Dante looked down at the boy who had chosen him, who had trusted him, who had never once wavered in his belief that the man who caught him on camera was the same man who would catch him in real life.

“I was your dad the minute you decided I was worth the risk,” Dante said. “This just makes it official.”

Jace nodded, satisfied, and ran off to find the dessert menu.

Nadia watched him go, then turned to Dante, her eyes still wet, her smile radiant. “You know what I love most about you?”

“My incredible humility?”

“Your refusal to pretend you’re anything but what you are.” She touched his face, her thumb tracing the line of his jaw. “You’re a stuntman who built a kingdom out of falling down. And you never once made me feel like I was part of the stunt.”Visit Loerva.

Dante kissed her, slow and deep, the way he’d wanted to kiss her for months but had held back, because some things needed to be earned.

The night came in soft and cool, the stars beginning to prick through the darkening sky. The deck lights flickered on automatically, casting a warm glow over the small gathering. Miriam was already two glasses in, telling Grant a story that involved a misplaced script and a very confused hotel concierge. Jace was negotiating for a second scoop of ice cream, using arguments that were surprisingly sophisticated for a six-year-old.

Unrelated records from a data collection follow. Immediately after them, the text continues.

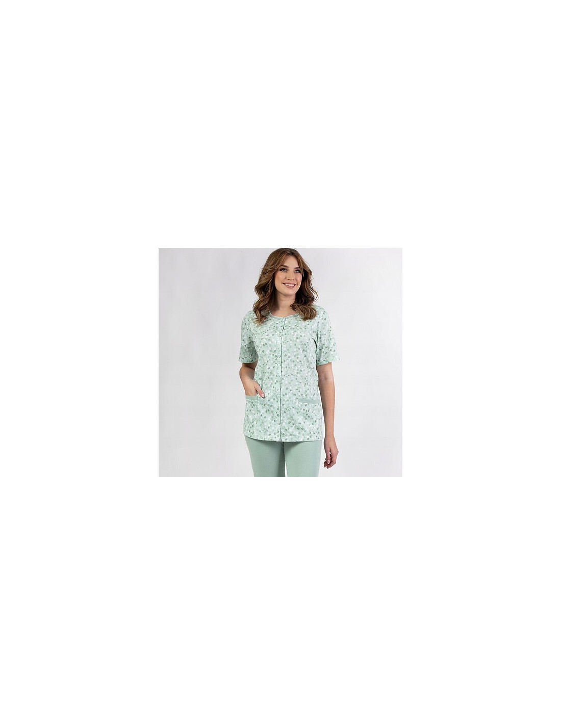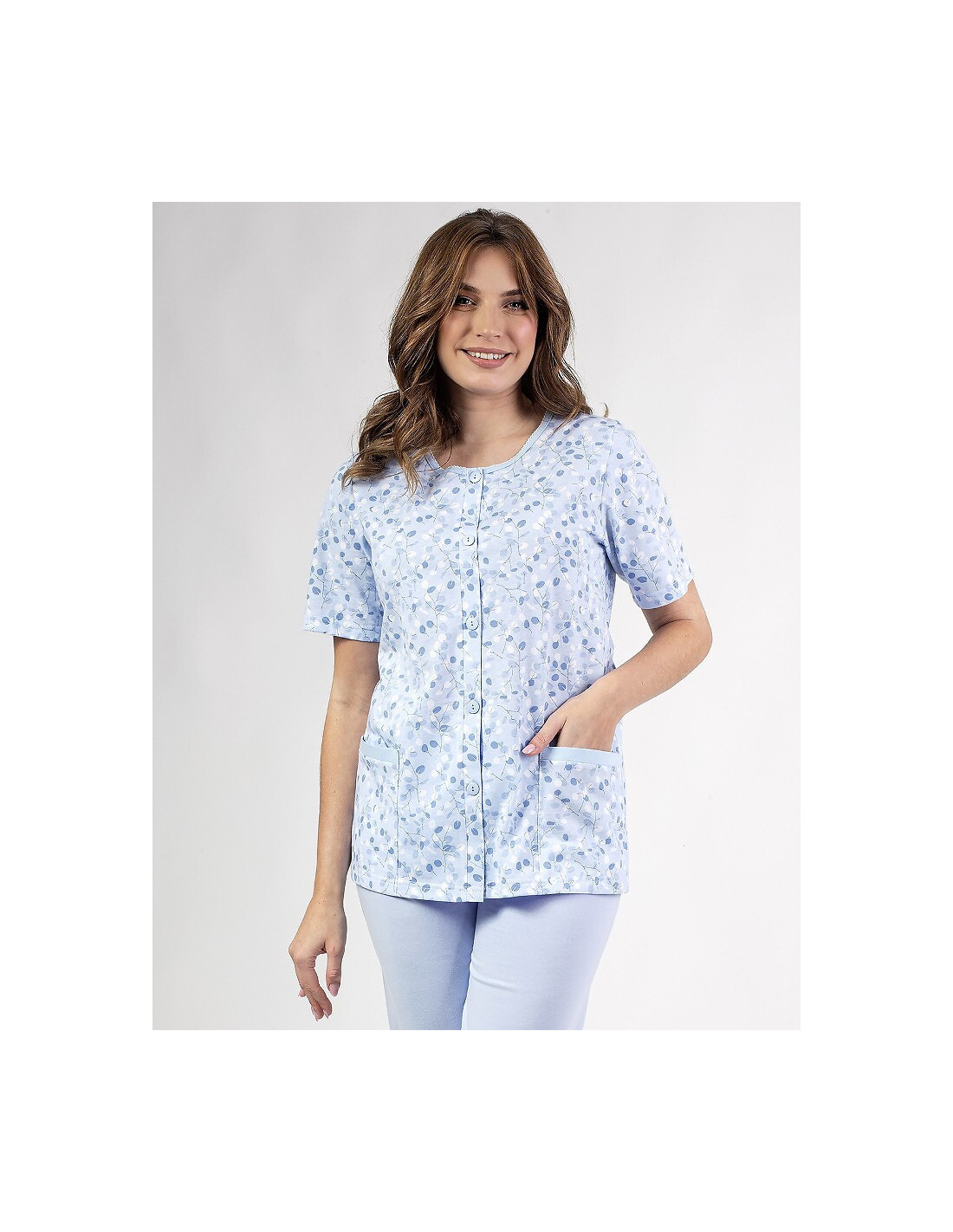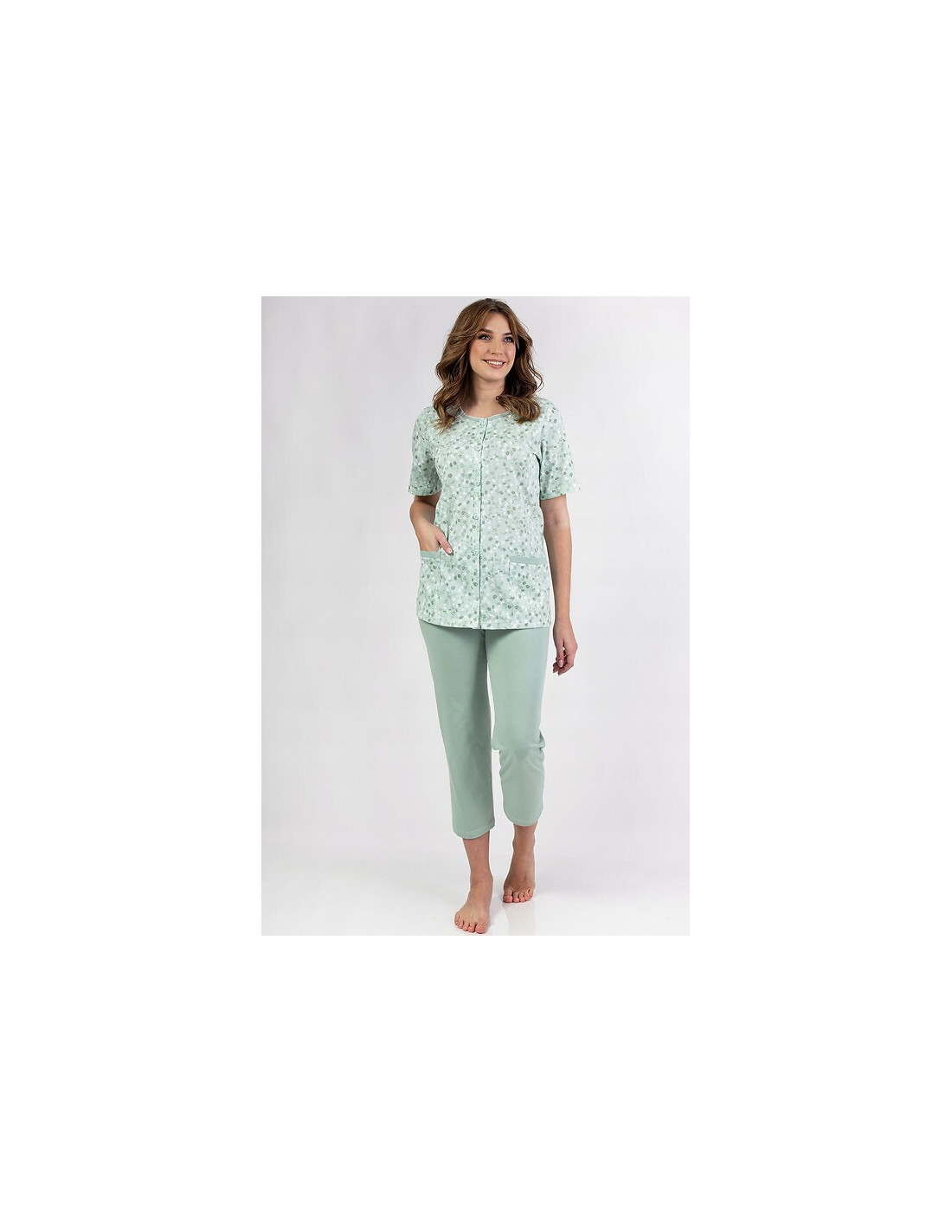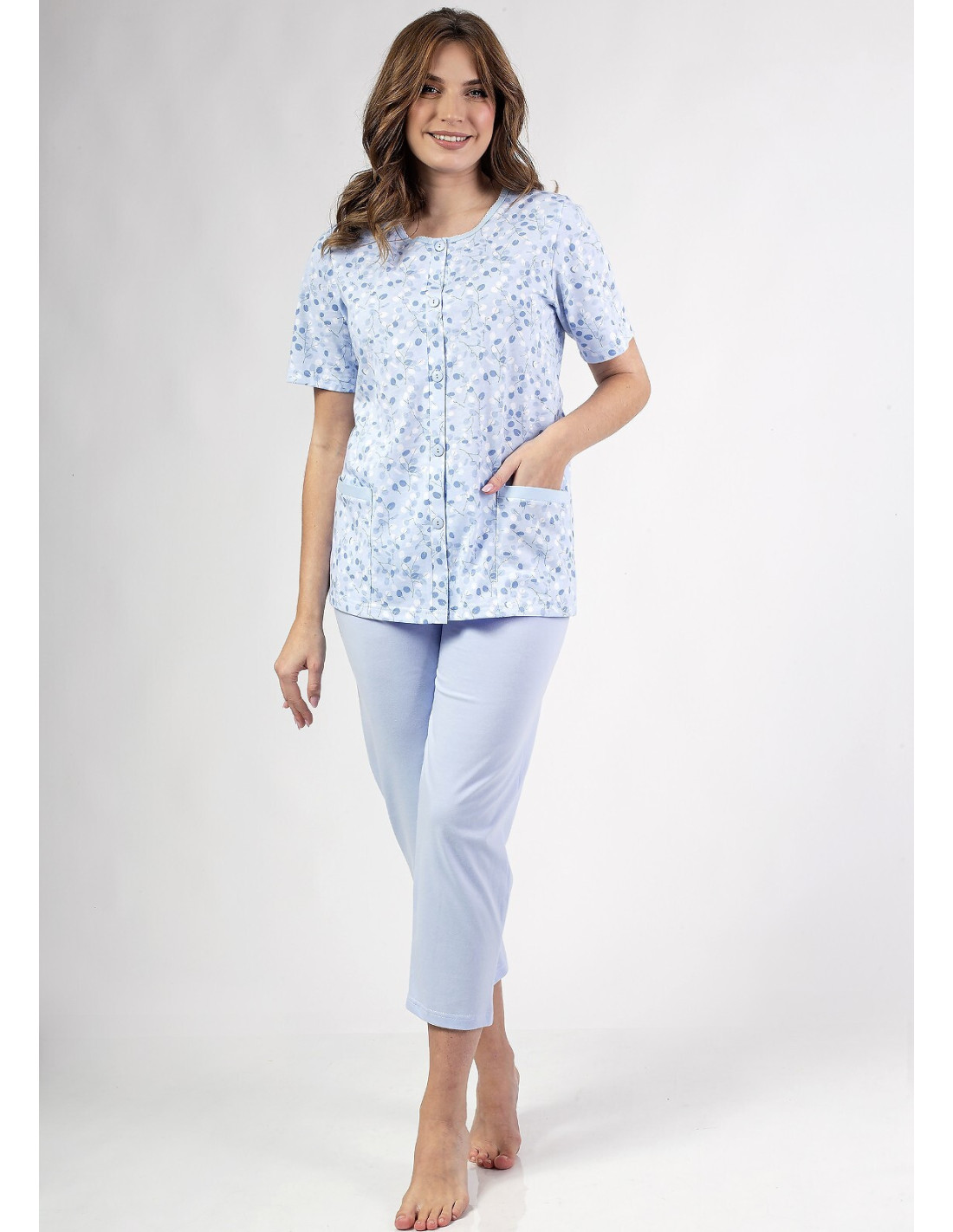 Moteriškos pižamos - pagaminta iš švelnios medvilnės - raštuoti marškinėliai - trumpomis rankovėmis - užsegama sagomis - dvi prisiūtos kišenės apačioje - 3/4 ilgio vienspalvės kelnės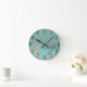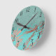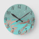Modern Rose Gold Teal Marble Glitter Gradient Round Clock
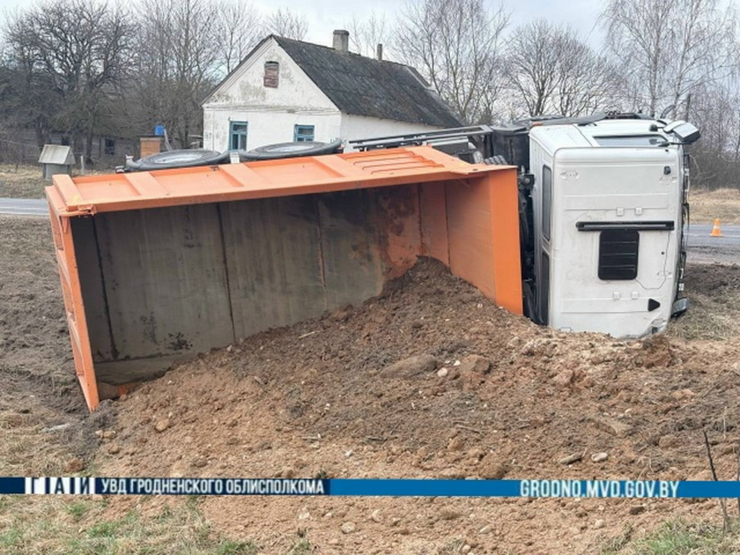 ДТП произошло 20 марта около 9 часов на автодороге Р-51 «Острино — Щучин — Волковыск». Водитель грузового автомобиля МАЗ неправильно выбрал скорость движения, не справился с управлением и допустил опрокидывание транспортного средства на правый бок, сообщает ГАИ Гродно.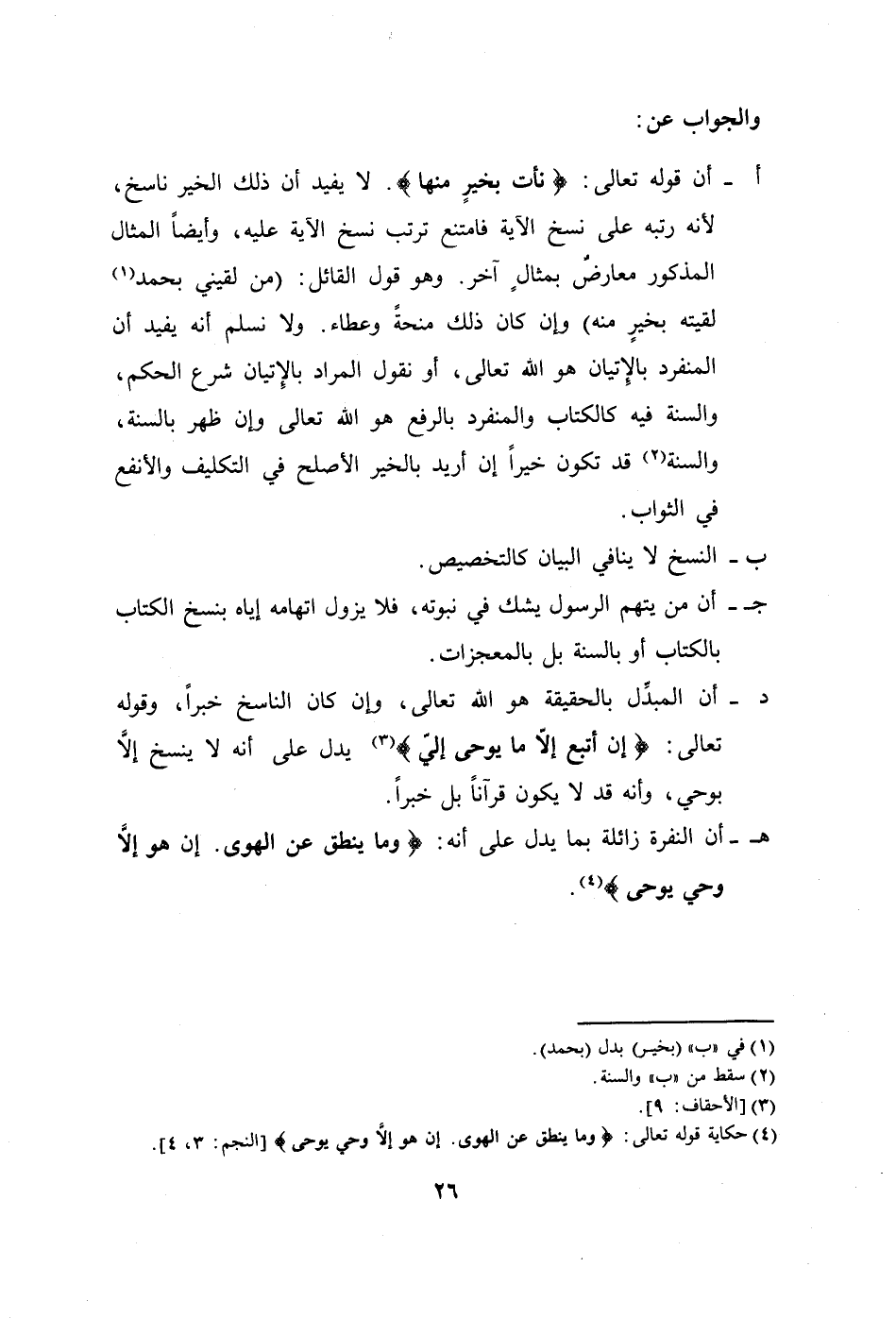 أ- أن قوله تعالى: {نَأْتِ بِخَيْرٍ مِنْهَا}. لا يفيد أن ذلك الخير ناسخ، لأنه رتبه على نسخ الآية فامتنع ترتب نسخ الآية عليه، وأيضاً المثال المذكور معارضٌ بمثالٍ آخر. وهو قول القائل: (من لقيني بحمد (١) لقيته بخيرٍ منه) وإن كان ذلك منحةً وعطاء. ولا نسلم أنه يفيد أن المنفرد بالِإتيان هو الله تعالى، أو نقول المراد بالِإتيان شرع الحكم، والسنة فيه كالكتاب والمنفرد بالرفع هو الله تعالى وإن ظهر بالسنة، والسنة (٢) قد تكون خيراً إن أريد بالخير الأصلح في التكليف والأنفع في الثواب.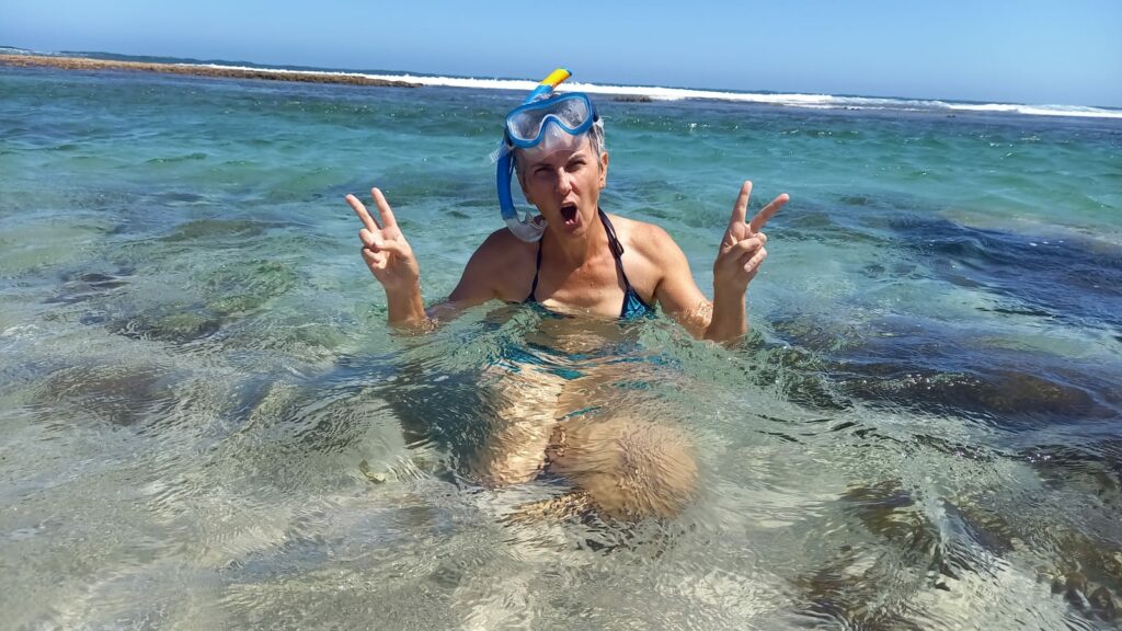 Il est 10h30, la température est difficilement supportable, nous rentrons faire une séance de masque et tuba dans l’océan. Ouf ça rafraîchi !
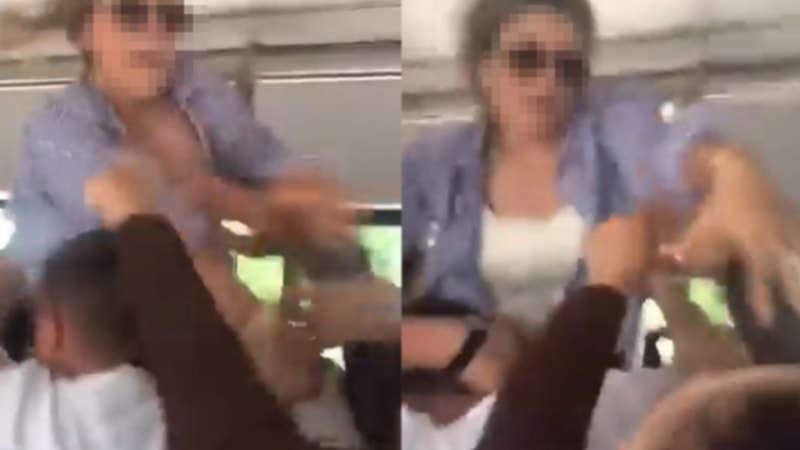 Görüntülerde, kadınların birbirlerine yumruk attığı, başka yolcuların ise kavgayı ayırmakta güçlük çektiği görülüyor.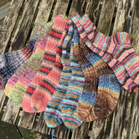 Ich fange mal an mit meiner Sockenparade, 6 Paar sind es geworden und jedes Paar hat ein individuelles Muster.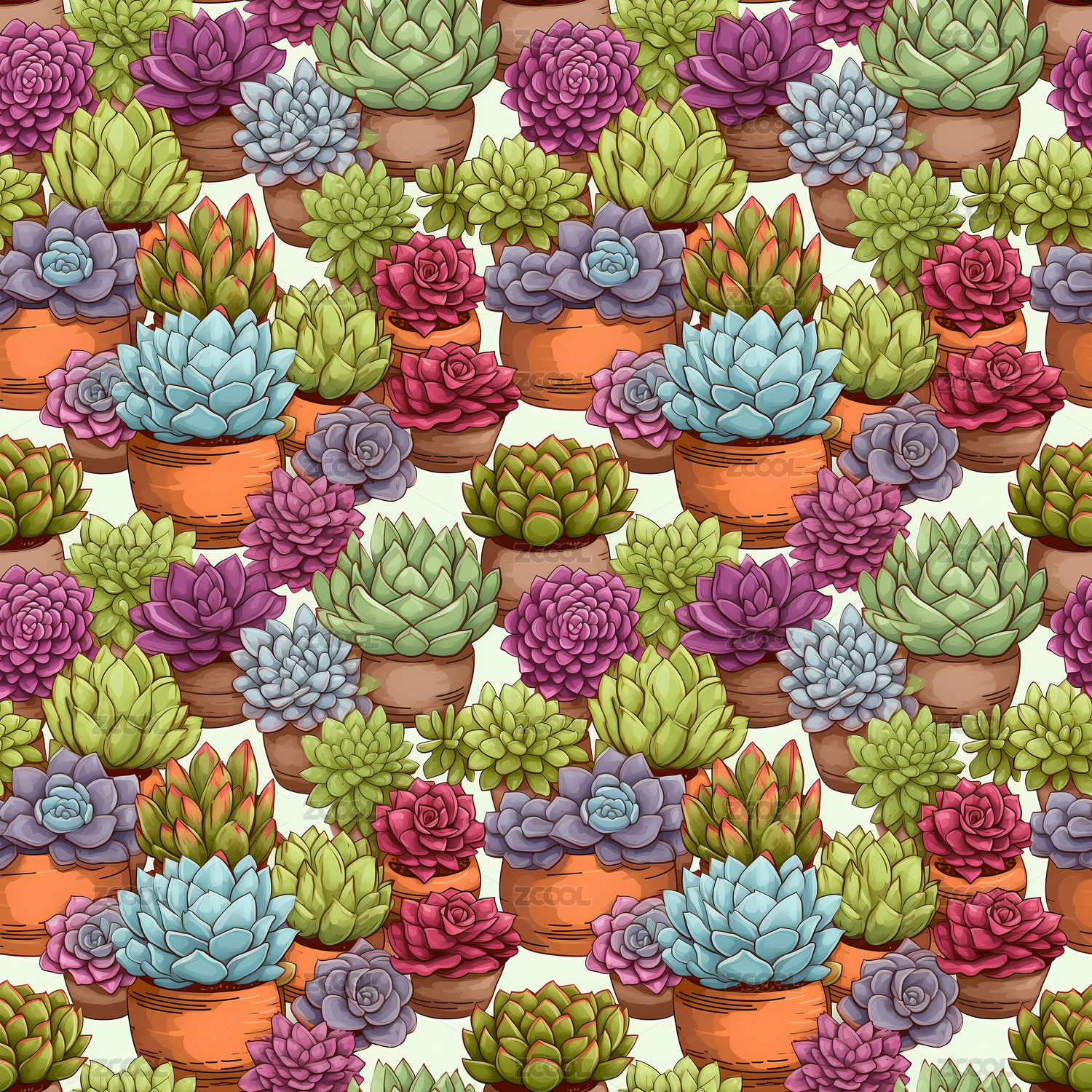 仙人掌盆栽无缝平铺四方连续纹样图案背景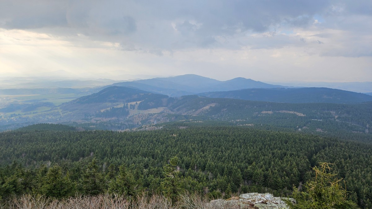 Nádherný široký výhled do okolní zalesněné krajiny a údolí z venkovní vyhlídky na vrcholu hory.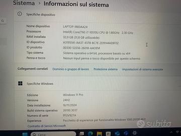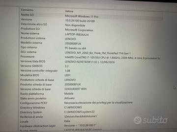 Lenovo thinkpad T14 gen1 Windows 11 pro 24H2 Intel core i7 - 10510U 2.30 GHz 32 GB RAM 1GB Intel UHD graphics SSD 475 GB 2xUSB 3.1 1x HDMI 1.4 1xSlot mobile WWAN integrata LTE-A CAT9/16 1xlettore micro SD 1x Thunderbolt 3 USB-C 1x connettore thinkpad docking station 1x slot smartcard Caricabatterie USB-C 65W

And Dante stood at the edge of the deck, Nadia tucked under his arm, watching the ocean swallow the last traces of daylight.

“What happens now?” Nadia asked.

“We open the camp. We build a life. We watch Jace grow up and we get old and we argue about whose turn it is to do the dishes.” He pressed his lips to her hair. “And every time something tries to knock us down, we level up.”

“Together.”

“Together.”

She tilted her head back to look at him, and in her eyes he saw the reflection of everything he’d fought for, everything he’d built, everything he’d finally allowed himself to want.

Dante kneels in the sand, looks into Nadia’s tear-filled eyes, and says, “I’ve leveled up every skill I have, Nadia. But the only stat that matters is us. Will you let this family be my permanent party?” Nadia laughs, “Yes, you big stuntman. Always.” He slides the ring onto her finger as Jace cheers, “We did it, Dad!” and the three embrace as the sun sets.